Assignment =
Output exactly, in the material below, the lines from the one with "作品说明:该形象运用了向日葵" through the one with "Dobbelsidige infostand med". Omit all pictures.

*** Given data ***

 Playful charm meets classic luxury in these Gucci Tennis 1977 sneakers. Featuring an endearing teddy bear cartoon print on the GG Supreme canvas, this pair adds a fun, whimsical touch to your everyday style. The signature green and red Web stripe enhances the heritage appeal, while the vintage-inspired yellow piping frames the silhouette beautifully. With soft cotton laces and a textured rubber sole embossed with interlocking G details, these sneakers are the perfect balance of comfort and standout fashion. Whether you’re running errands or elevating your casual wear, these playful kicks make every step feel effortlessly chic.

*** End of Given data ***
*** Given data ***

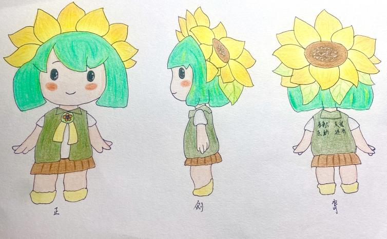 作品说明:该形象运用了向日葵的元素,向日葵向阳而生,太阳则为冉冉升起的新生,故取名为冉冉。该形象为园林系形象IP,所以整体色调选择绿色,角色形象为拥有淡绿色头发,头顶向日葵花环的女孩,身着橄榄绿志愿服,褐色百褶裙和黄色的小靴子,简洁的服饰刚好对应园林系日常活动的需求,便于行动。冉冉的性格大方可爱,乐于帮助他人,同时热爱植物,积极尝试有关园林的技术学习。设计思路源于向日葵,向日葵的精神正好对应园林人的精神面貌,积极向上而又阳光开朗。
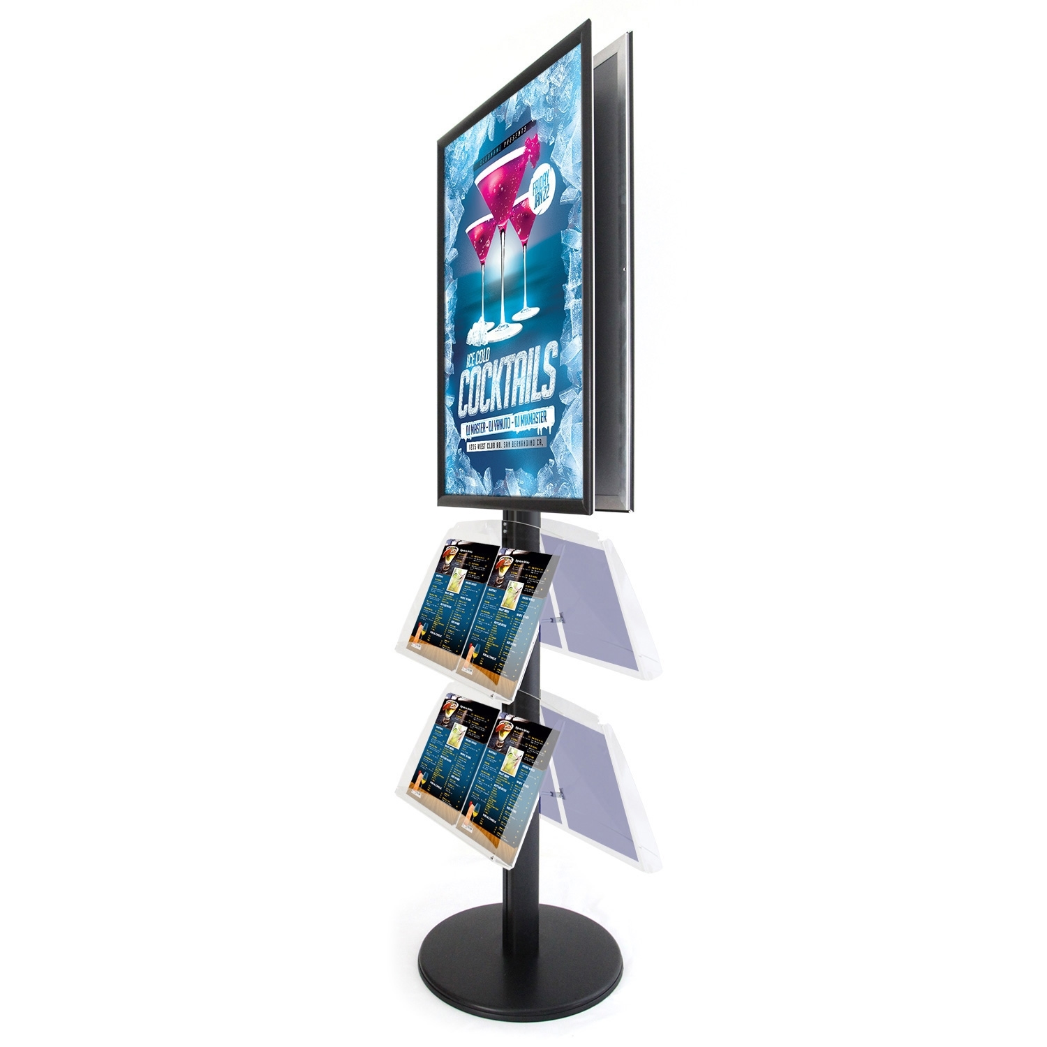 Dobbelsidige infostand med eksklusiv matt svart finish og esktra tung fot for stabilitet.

*** End of Given data ***

Task response =
 作品说明:该形象运用了向日葵的元素,向日葵向阳而生,太阳则为冉冉升起的新生,故取名为冉冉。该形象为园林系形象IP,所以整体色调选择绿色,角色形象为拥有淡绿色头发,头顶向日葵花环的女孩,身着橄榄绿志愿服,褐色百褶裙和黄色的小靴子,简洁的服饰刚好对应园林系日常活动的需求,便于行动。冉冉的性格大方可爱,乐于帮助他人,同时热爱植物,积极尝试有关园林的技术学习。设计思路源于向日葵,向日葵的精神正好对应园林人的精神面貌,积极向上而又阳光开朗。
 Dobbelsidige infostand med eksklusiv matt svart finish og esktra tung fot for stabilitet.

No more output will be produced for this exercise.